On January 18 the following year, Shobek murdered his second victim — 44-year-old Irvin Bernstein from Ocean City, New Jersey, an accountant working for the Ministry of Fisheries. The man had arrived in Nassau from Miami through an Air Bahamas flight the previous day, with Shobek spotting him and offering a ride. He drove Bernstein from the airport, faking sexual advances to distract the man from noticing that they weren't going to the hotel.

When he stopped the car and pulled out his knife, Bernstein opened the door and tried to escape, but was caught and stabbed to death by his assailant. His body was discovered on Yamacraw Beach the next day, only with socks and shoes on, with multiple stab wounds. A pen and pair of sunglasses belonging to Shobek were found next to the body, and a black bag found in Paradise Island eight miles away from there contained some of Bernstein's papers and his killer's driver's license. When he was arrested later, Shobek was found to be in possession of Bernstein's pen.

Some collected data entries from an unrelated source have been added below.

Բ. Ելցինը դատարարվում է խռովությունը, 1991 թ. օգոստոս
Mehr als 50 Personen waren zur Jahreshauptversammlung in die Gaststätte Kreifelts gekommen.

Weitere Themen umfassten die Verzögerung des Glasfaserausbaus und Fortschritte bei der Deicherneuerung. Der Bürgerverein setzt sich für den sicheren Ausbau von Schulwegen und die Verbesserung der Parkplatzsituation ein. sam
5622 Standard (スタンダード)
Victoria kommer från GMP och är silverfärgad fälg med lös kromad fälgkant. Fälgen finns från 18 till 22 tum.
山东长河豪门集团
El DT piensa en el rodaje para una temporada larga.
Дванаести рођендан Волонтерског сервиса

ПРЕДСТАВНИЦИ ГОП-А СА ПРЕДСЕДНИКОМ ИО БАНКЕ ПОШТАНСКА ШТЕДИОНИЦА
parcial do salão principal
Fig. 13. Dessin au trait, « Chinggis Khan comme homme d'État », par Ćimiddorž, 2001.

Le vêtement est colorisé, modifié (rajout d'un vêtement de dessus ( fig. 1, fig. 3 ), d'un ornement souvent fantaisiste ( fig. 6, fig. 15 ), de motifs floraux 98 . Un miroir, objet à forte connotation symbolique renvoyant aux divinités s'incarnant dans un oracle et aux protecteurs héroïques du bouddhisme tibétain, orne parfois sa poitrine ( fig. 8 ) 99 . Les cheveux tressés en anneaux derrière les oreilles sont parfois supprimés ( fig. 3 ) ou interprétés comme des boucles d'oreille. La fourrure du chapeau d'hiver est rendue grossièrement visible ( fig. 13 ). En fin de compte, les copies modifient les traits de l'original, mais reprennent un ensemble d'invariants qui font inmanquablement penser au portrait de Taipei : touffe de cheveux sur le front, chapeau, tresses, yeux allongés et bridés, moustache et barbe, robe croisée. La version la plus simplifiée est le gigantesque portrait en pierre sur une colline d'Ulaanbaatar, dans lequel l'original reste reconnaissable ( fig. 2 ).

On January 26, he murdered his final victim — 17-year-old student Katie Smith from Detroit, who was on a visit to the Bahamas with a group of other chaperoned students. The day before her murder, she had been seen walking with Shobek, and the following day, her body was found in a ditch by a cardboard box, apparently strangled to death.

Arrest, trial and execution
Shobek was eventually arrested for murdering Bernstein, but his trial was delayed, as there was a bank robbery investigation going on at the time. When it was resumed in 1975, he confessed to the other murders and pleaded insanity, claiming that they were "angels of Lucifer", and that he had murdered them by order from God. Shobek was convicted of murdering Bernstein and given a mandatory death sentence. Although he was initially scheduled to be hanged on October 8, he was granted an indefinite stay following an appeal filed by the United States Embassy, in which it was claimed that substantial information hadn't been supplied to the court.

During a psychiatric examination, the authorities learned that Shobek had travelled between the USA and the Bahamas for about two years. Whether he murdered other people during this period is unknown.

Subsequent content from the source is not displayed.